SAN ANGELO, Texas — Child Protective Services officials are asking a judge to drop 24 more children taken from the Fundamentalist LDS Church's YFZ Ranch from court supervision.

Late Wednesday afternoon, lawyers for the Texas Department of Family and Protective Services filed papers with 51st District Judge Barbara Walther to remove the children from court oversight.

"We're going to continue to be doing that," CPS spokeswoman Marleigh Meisner told the Deseret News on Wednesday.

The decision to "nonsuit" the children could be for a variety of reasons, she said.

"It could be because the children are in a protected environment or are over 18," Meisner said. "It could be that we found no abuse or neglect."

Nonsuiting a child does not end CPS's involvement in the cases, either. Many FLDS parents are being asked to undergo psychological evaluations, attend parenting classes and take steps to ensure their children are safe from abuse.

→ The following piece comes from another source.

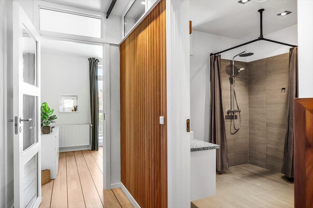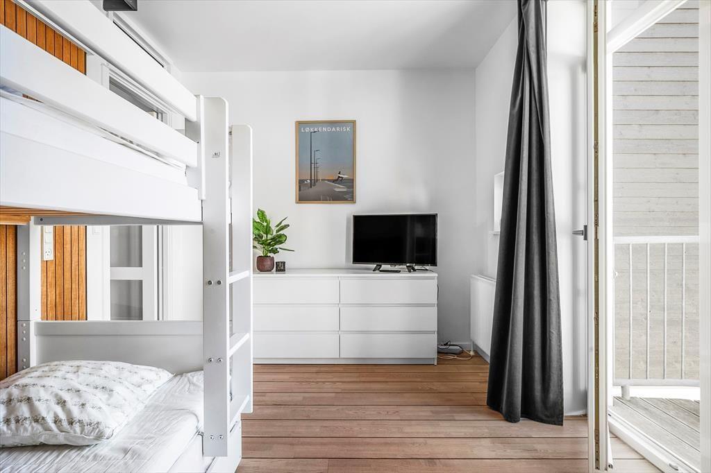 Die Wohnung bietet Platz für vier Personen und erstreckt sich über das erste und zweite Stockwerk eines modernen Mehrfamilienhauses. Auf der unteren Etage befindet sich ein Schlafzimmer mit Balkon sowie ein schönes Badezimmer mit Dusche und eine gut ausgestattete offene Küche. Hier gibt es Platz, um sich an der Kücheninsel beim Kochen zu vergnügen – und wenn es Zeit zum Essen ist, empfiehlt es sich, den Tisch im Wohnzimmer zu decken. Das Wohnzimmer befindet sich oben in der Wohnung und ist ein wunderbarer Aufenthaltsraum mit einer offenen Decke und einer angenehm hellen Atmosphäre. Nach Westen habt ihr direkten Zugang zu einem Balkon, und am anderen Ende des Wohnzimmers führt eine Tür in ein helles Schlafzimmer mit einer kleinen Nische/Lesebereich.

The 24 children are the latest cases that CPS has "nonsuited" since the April 3 raid on the YFZ Ranch. Last week, 34 more were dropped from court oversight, in addition to 32 earlier this month.

On Tuesday, a 14-year-old girl was ordered back into foster care after a judge ruled her mother, Barbara Jessop, failed to protect her from abuse. The girl was allegedly married at age 12 to FLDS leader Warren Jeffs. Six other children whom CPS sought to have placed in foster care again were allowed to remain with their mothers under deals struck with the agency on Tuesday.

Hundreds of children were placed in state custody after the April raid on the ranch. Texas child welfare authorities and law enforcement responded to the FLDS Church's property in nearby Eldorado after a series of phone calls from someone claiming to be a pregnant 16-year-old in an abusive marriage to an older man. Once on site, authorities said they saw other signs of abuse, prompting a judge to order the removal of all of the children.

The 440 children were ultimately returned to their parents after a pair of Texas courts ruled the state acted improperly and failed to show the children were in immediate danger.